Is This Trip for You?

This trip is classified as Road and Activity Level 4 (Moderate/Challenging). For more on our trip gradings, visit our Activity Level Guidelines page.

  • Nine days of cycling
  • Average 37mi (60km) per day
  • Partial vehicle support (with limited seats)

We cycle more than 310mi (500km) over nine days with an average of 37mi (60km) per day, so a good level of fitness is required. We cycle mostly on surfaced roads with a few sections on country lanes, cycle paths and gravel. The routes are mainly undulating but they get hillier on the inland section to Takayama and Shirakawa-go, where we face some steady climbs. A support vehicle (with limited seats) accompanies us throughout, except for the city bike tours in Kanazawa and Kyoto.

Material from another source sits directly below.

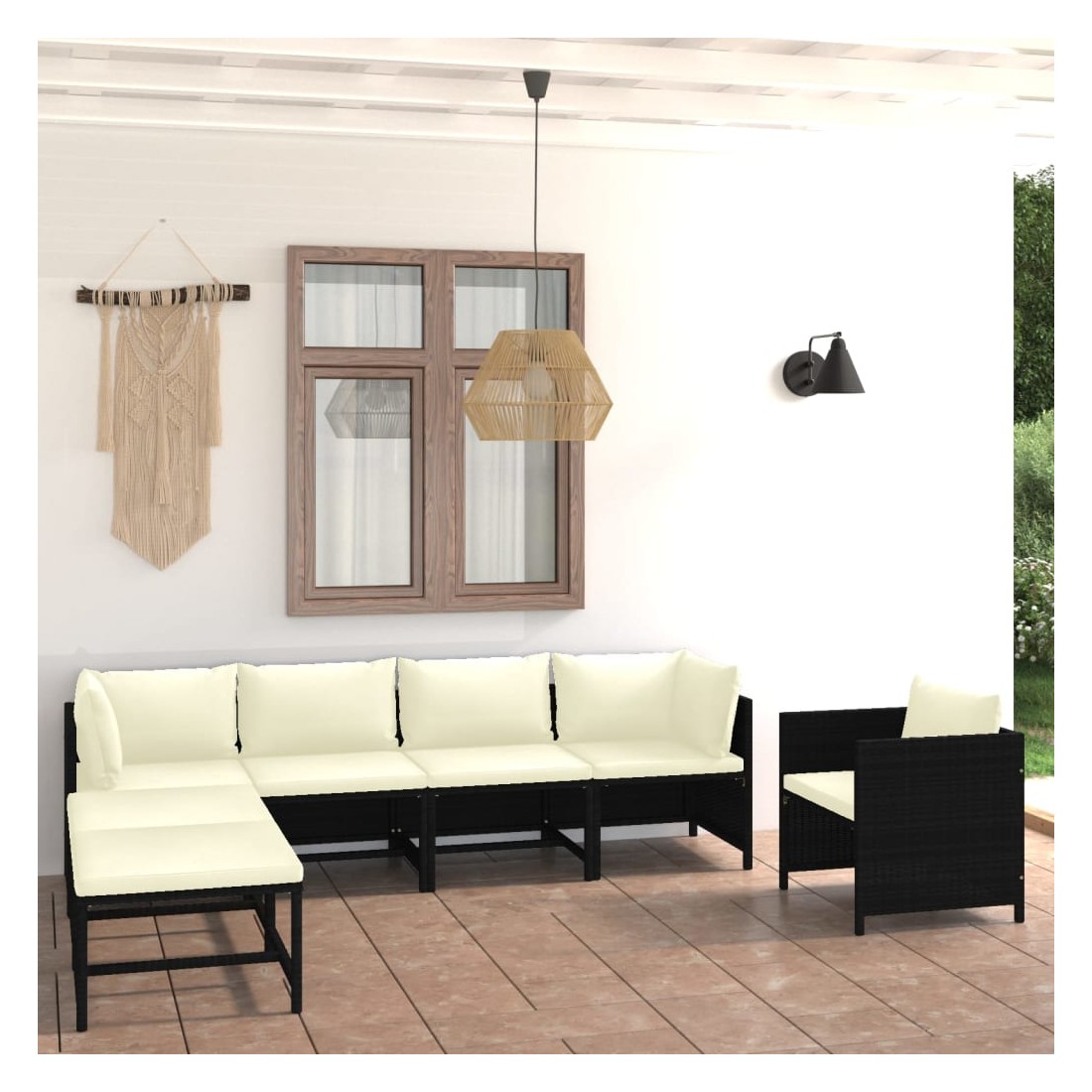 Salon de jardin 7 pcs avec coussins Résine tressée Noir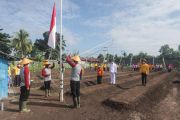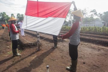 Sejumlah anggota kelompok tani sumber rejeki bertugas mengibarkan bendera Merah Putih di lahan kebun mereka di Jalan Betutu, Palangka Raya, Kalimantan Tengah, Senin (17/8/2020). Upacara pengibaran bendera Merah Putih di lahan kebun kelompok tani tersebut digelar untuk memperingati HUT ke-75 Kemerdekaan Republik Indonesia. ANTARA FOTO/Makna Zaezar/wsj.

Routes follow mainly quiet backroads with low levels of traffic, but this does increase when approaching towns. We aim to cycle most of the route door-to-door, with only a few transfers and train rides organised to shorten some distances and avoid busier roads. Most rides will include some short sections through lit tunnels.

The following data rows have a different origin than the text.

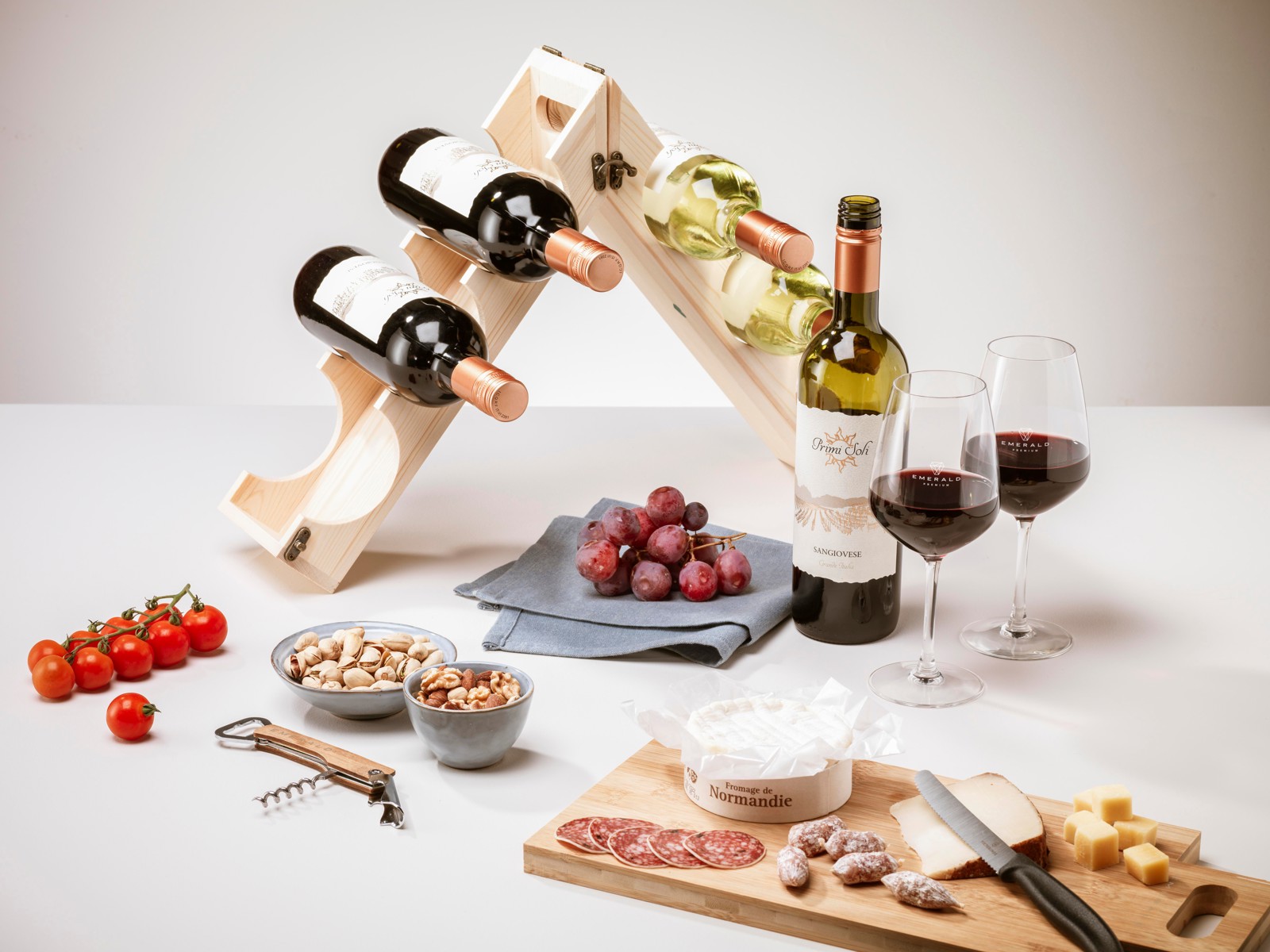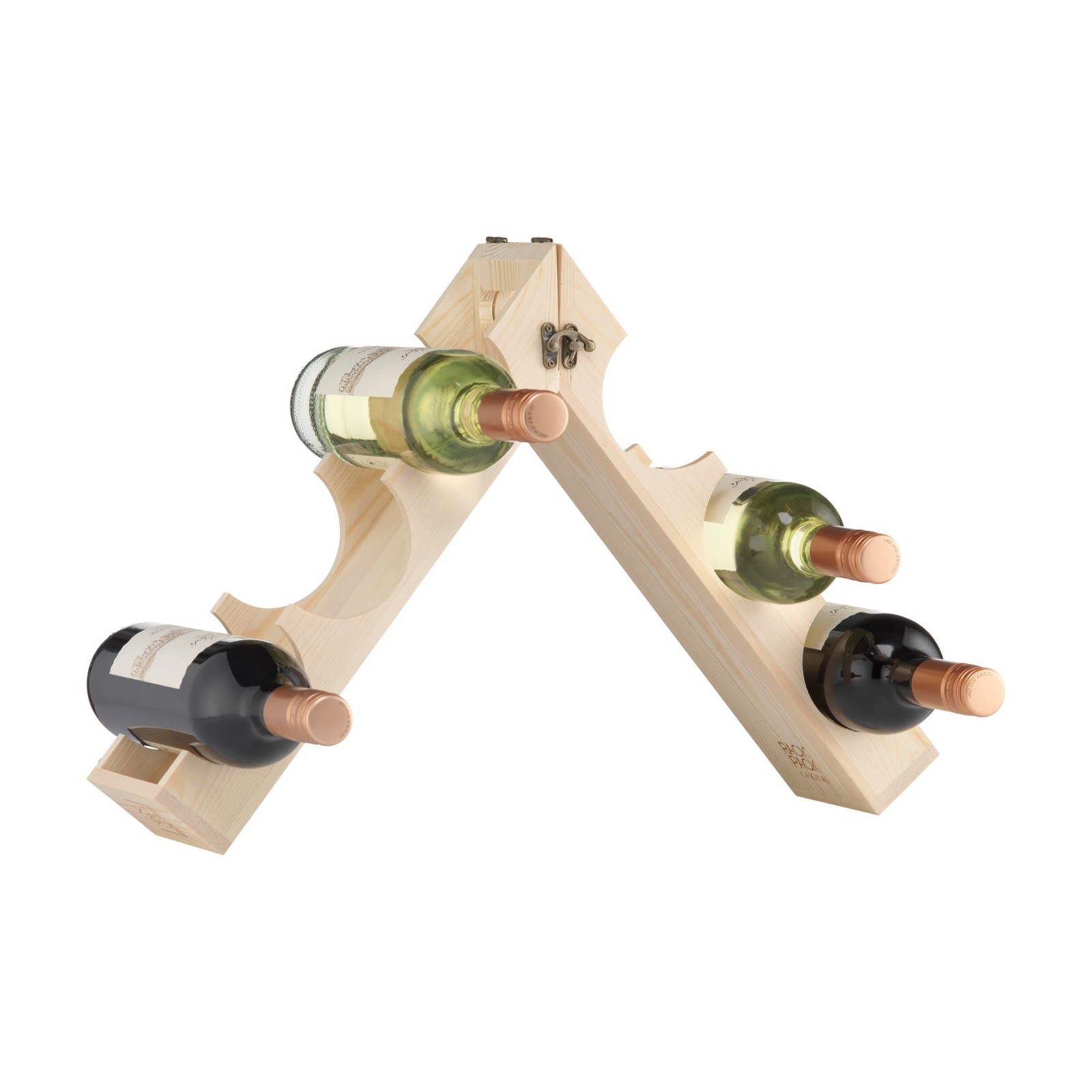 Rackpack Original: a wine gift box and a wine rack in one. Rackpack is a wooden gift box for a bottle of wine that turns into a wine storage rack. Not only does the Rackpack help your bottle stand out from other hostess gifts, but it can also be transformed from a carrier to a wooden wine rack by simply turning some hinges. It can be configured in various ways to store three, six or even 12 bottles of wine. Rackpack: a wine gift box made of FSC 100% certified wood with a new second life! • suitable for one bottle of wine • 8-10 mm FSC 100% certified pine wood • wine not included. Packed individually.
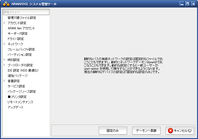 ツールバーの「システム」-「ARMA/OGLシステム管理ツール」を選択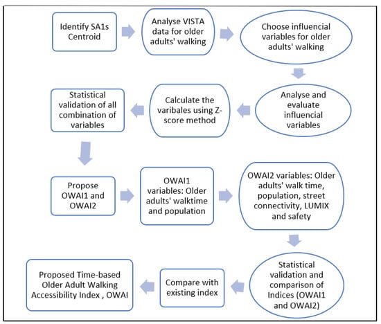 From Figure 2, to develop the indices, this study identifies the centroid of each SA1s (total of 10,289) within metropolitan Melbourne. Using the household survey datasets (VISTA datasets) total number of older people walking, including the population, residence area information, and walking destinations, are analyzed. Afterward, the influential variables, including walk time, LUMIX, population, safety, and street connectivity datasets, are collected from various sources, and analyzed using the Z-score method. The statistical Z-score calculation method is used for all variables, including older adults’ walk time, older adult population, land-mix use for four destination types, street connectivity and older adults’ pedestrian safety. Z-score (also called the standard score) is a numerical measurement that describes a value’s relationship to the mean of a group of values. The z-score value indicates the difference between standard deviations and the mean. If a z-score is equal to 0, it is on the mean. A positive z-score indicates that the raw score is higher than the mean average. Similarly, a negative z-score reveals that the raw score is below the mean average [69,70,71,72]. In this paper, the variables are calculated for all 10,289 SA1s. All the variables were analyzed with a different combination of index structures. Each of these variable combination index structures was checked using statistical test methods. Among those indices, OWAI1 and OWAI2 are statistically significant with the best results. Finally, the proposed time-based older adult walking accessibility index is compared with existing WI.

This trip is great for a first-time visit to Japan as it encompasses the varying aspects of the destination, from the serenity and history of Kyoto to modern Tokyo.

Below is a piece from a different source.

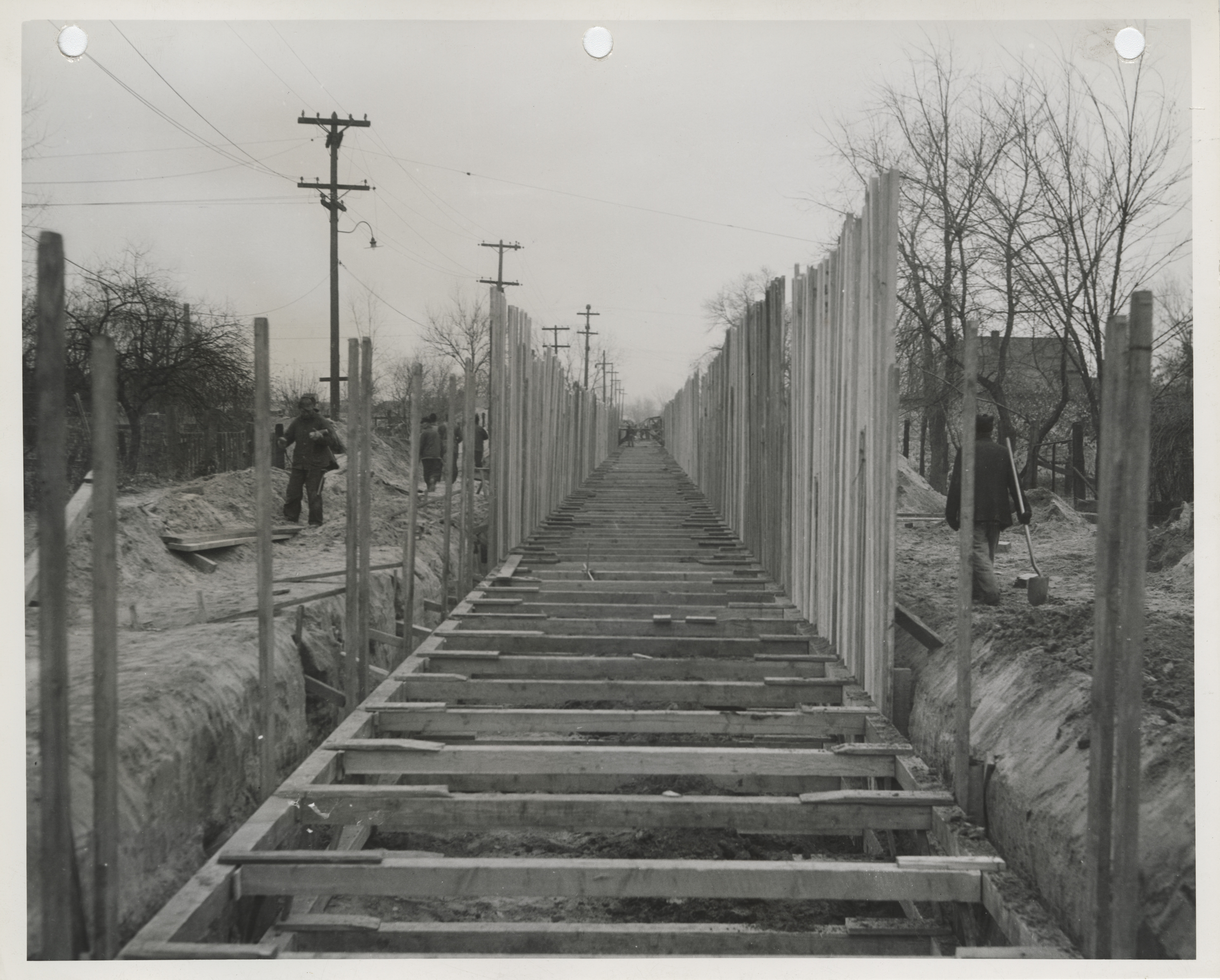 - Photograph of the construction of an outfall sewer at SE 14th St. in Des Moines

Some nights are spent in Japanese style accommodation and guesthouses with shared facilities.

Please be advised, bike hire is included and there is no option to bring your own bike on this trip.


There will be a local cycling leader and an assistant leader driving the support vehicle. For groups with nine passengers or more, a second sweeper cycling support leader also accompanies groups.

Adult min age: 16

Min group size: 4

Max group size: 16


Cycling in Japan

Land Only

  • Start City: Tokyo
  • End City: Kyoto

Land Only Itinerary

Day 1
Start Tokyo

Our tour starts in Tokyo, the busy capital of Japan, which has a unique contrast of ultramodern and traditional, from neon-lit skyscrapers to historic temples. With so much to see and do here, we recommend arriving a day or two early to explore the array of attractions at your own pace (speak to your sales representative to arrange a pre-tour stay).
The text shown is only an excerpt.